Classification of Diabetic Retinopathy Severity in Fundus Images Using the Vision Transformer and Residual Attention
Algorithm 1
Training the classification of the DR model.
Require: Fundus Images and Labels (X, Y), where Y = { y/y ∊ {0, 1, 2, 3, 4}}
Input: fundus images x ∊ X
(1)
Initialize the network parameters
//Feature Extraction Block (FEB)
(2)
Image division Patch, that is, x is divided into 9 patches of fixed size.
(3)
Linear Projection of Flatted Patches, which flattens the patch into a row vector and maps it to the specified dimension through a Linear Projection.
(4)
Patch + Position Embedding, which generates a CLS token, then splices it to the input path embedding and generates position information for each patch.

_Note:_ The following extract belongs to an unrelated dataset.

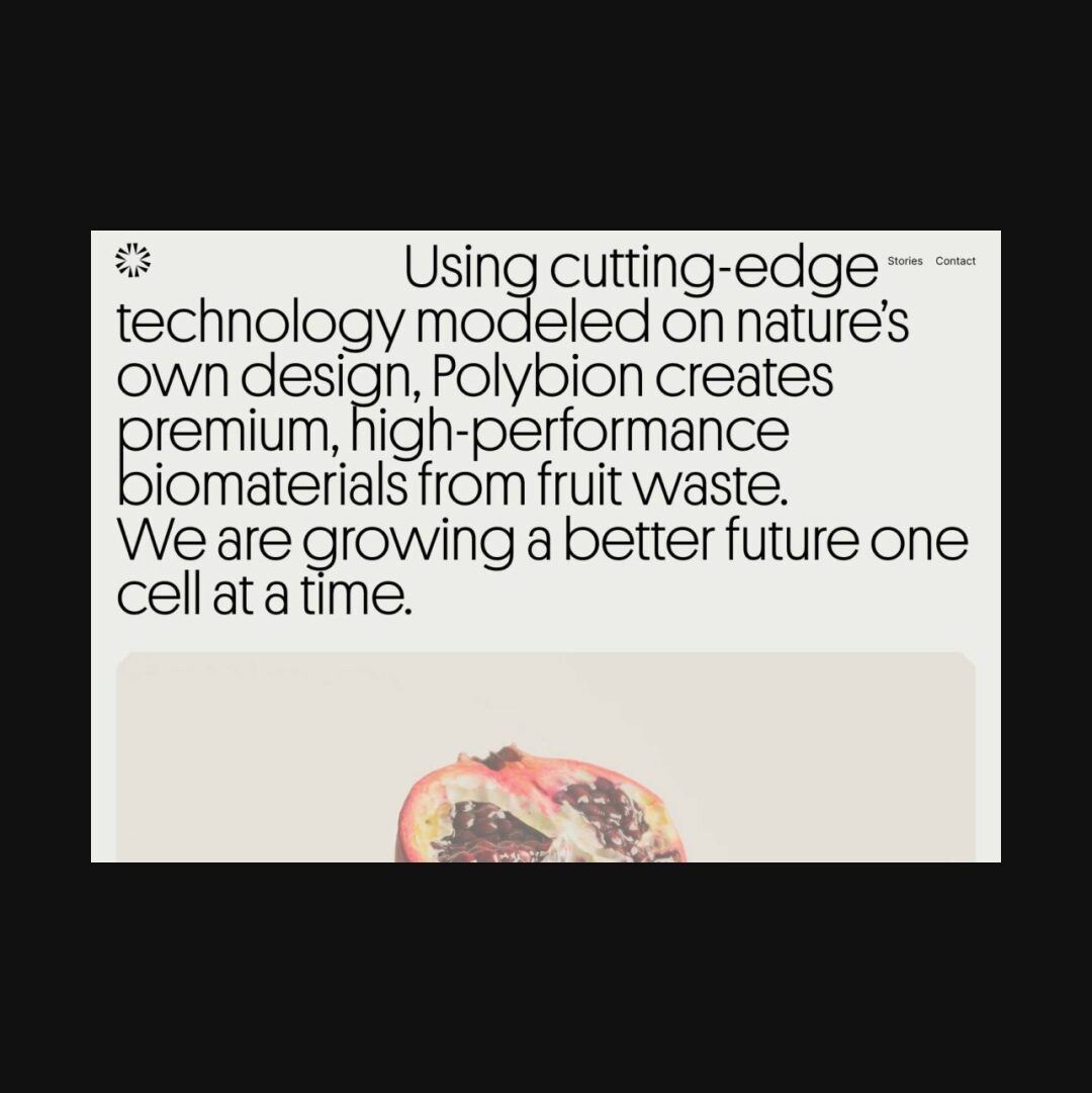 0429 polybion.bio Production, Big Images, Big Title, Big Typography, Clean, Colorful, Creative Layout, Custom Scroll, Large Scale, Light, One Page, Playful, Scroll Events, White Space, Gray, White, Mexico, Spain. Design: Twoo. Development: Twoo. (07-04-2022) ←Close

Patch + Position Embedding is added directly as a new input token.
(5)
Transformer Encoder, repeat stacking Encoder Block L times for image feature extraction.
//Grading Prediction Block
(6)
For the extracted feature matrix I, multiple fractional tensors are generated via different 1 × 1 convolutions.
(7)
These class features are fused by average pooling.
(8)
For the fused features, the classification result is obtained through an FC classifier.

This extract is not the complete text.